Parmi les autres mesures de sécurité, on peut noter que la société a mis en place l'authentification à deux facteurs, et ce, depuis plusieurs années. En plus d'un mot de passe, les utilisateurs peuvent donc confirmer leur identité au moyen d'un code envoyé par SMS ou avec une notification. Lorsque vous configurez l'authentification à deux facteurs, vous recevez 10 codes de récupération. Ces 10 codes de récupérations peuvent être utilisés si vous n'arrivez pas à accéder à votre compte pCloud.

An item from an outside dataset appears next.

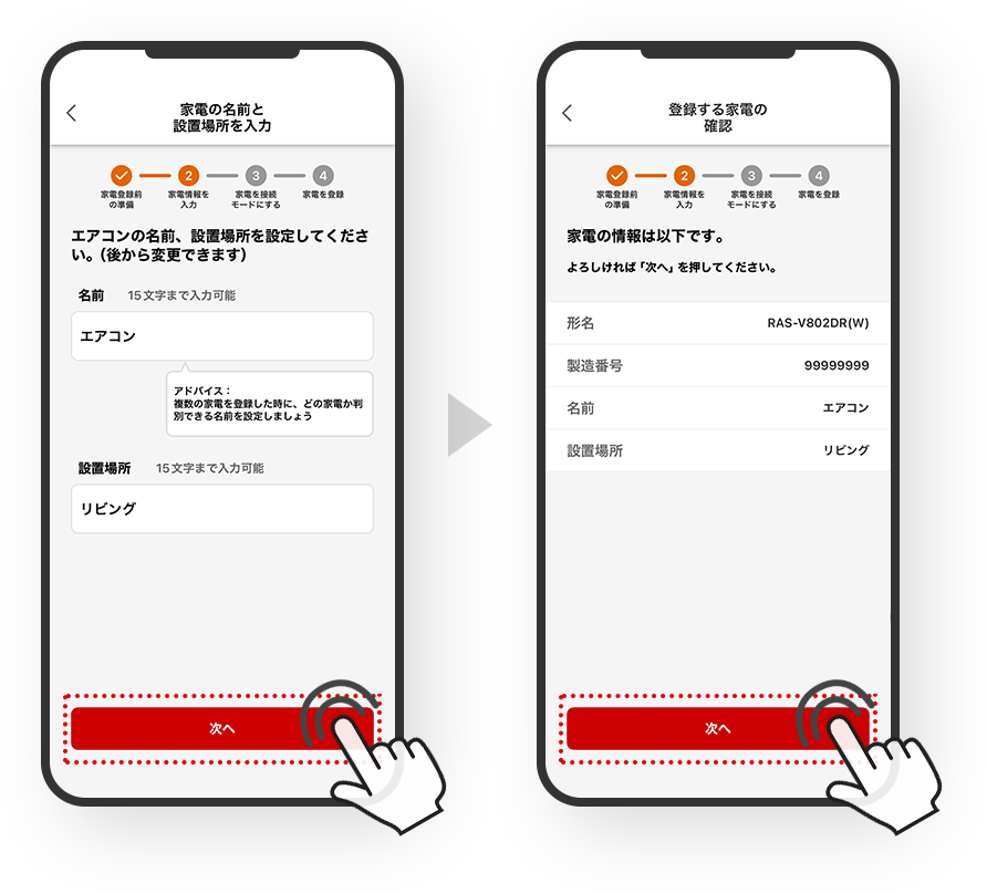 ※入力した「名前」は、アプリのホーム画面(家電コントロール)に表示されます。

Cette solution en ligne propose également à ses utilisateurs de définir des appareils de confiance sur une période de 30 jours. Un coffre-fort virtuel est aussi disponible, mais seulement en option.
Proton Drive
Proton Drive est un service de stockage cloud prometteur et qui évolue dans le bon sens, notamment grâce à l'arrivée de son application pour Windows et macOS en 2023, mais qui manque encore de fonctionnalités essentielles. Si sa sécurité est irréprochable, difficile de le recommander à tous les utilisateurs pour le moment, tant on ne retrouve pas encore le confort d'utilisation auquel nous ont habitué ses concurrents. Mais, dans quelques mois, nul doute que Proton Drive arrivera à s'imposer parmi les plus grands.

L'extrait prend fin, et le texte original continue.